PS are known to provide a 10-fold higher affinity [40] for the binding of the telomerase to the primer Inhibitors,Modulators,Libraries binding Carfilzomib site (Figure 1).Figure 1.Scheme of the biochemical modification of the sensor surface [39, with permission].The telomerase activity was measured upon the addition of cell extract containing telomerase, in a reaction buffer, in the Inhibitors,Modulators,Libraries presence of dNTPs mixture. The addition of the dNTPs allowed for the starting of the biocatalyzed synthesis process by telomerase [39]. The activity of the telomerase was measured by using a sensogram for determination of the surface loading in real time.

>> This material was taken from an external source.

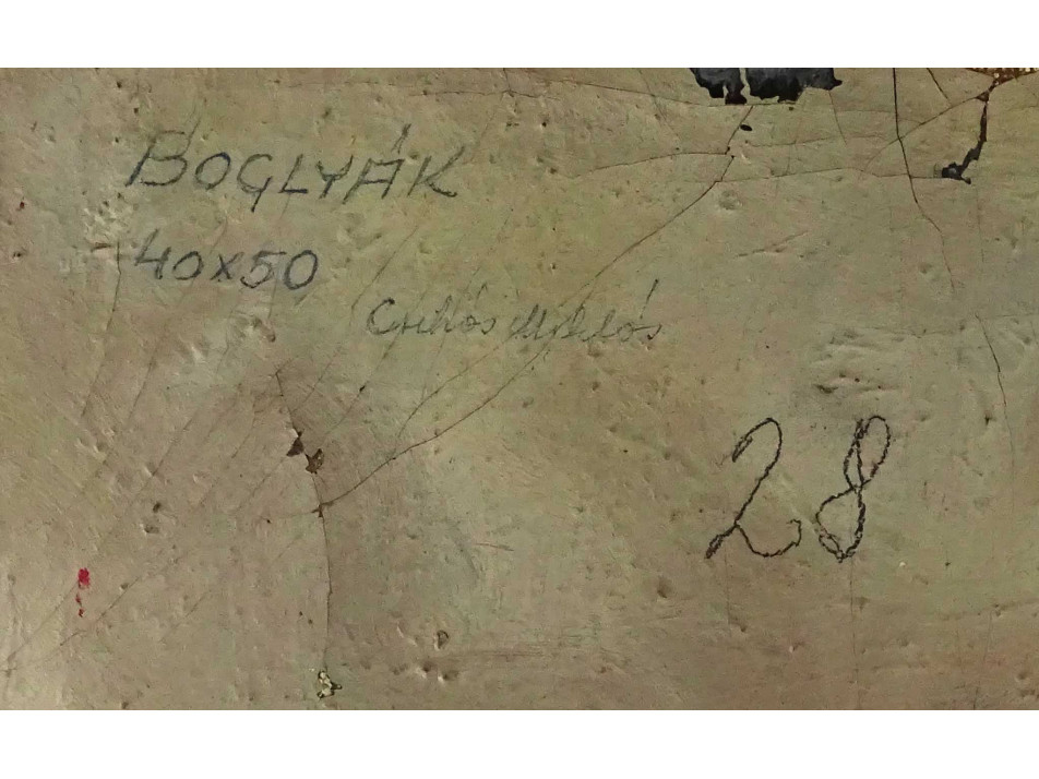 Olaj vászon festmény,üveglap mögött, régi ezüst színű keretben. Akasztási lehetőséggel rendelkezik.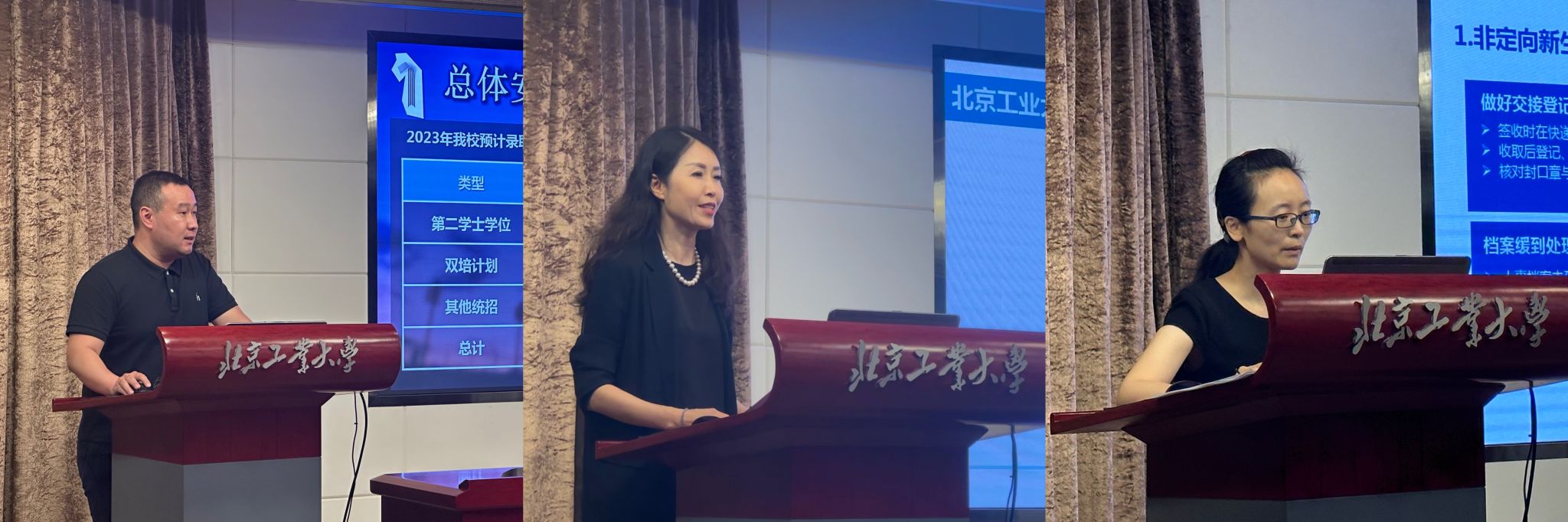 会上,招生办公室副主任郭载勋、研究生院副院长李雨竹分别就2023级本科生和研究生基本情况、新生报到流程、相关职能部处和各学部(院)工作职责进行了详细的讲解,对新生报到过程中涉及的风险点和新增环节进行了政策解读。

The plain buffer forces the enzyme to dissociate from the DNA. The removal of Dacomitinib the enzyme from the sensor surface is achieved by the addition of protenase K. Schmidt et al.

determined the amount of nucleotides as incorporated by the telomerase enzyme. According to their experiments, 45 nucleotides were incorporated; this gave an enzymatic activity of 1 nucleotide/min [39]. Unfortunately http://www.selleckchem.com/products/SB-203580.html the concentration of the telomerase was not determined since the selleck chem inhibitor immobilized enzyme could not be completely isolated from the sensor surface [39].Additional experiments were conducted by Schmidt et al., demonstrating the importance of label-free oligonucleotides during the hybridization step [41].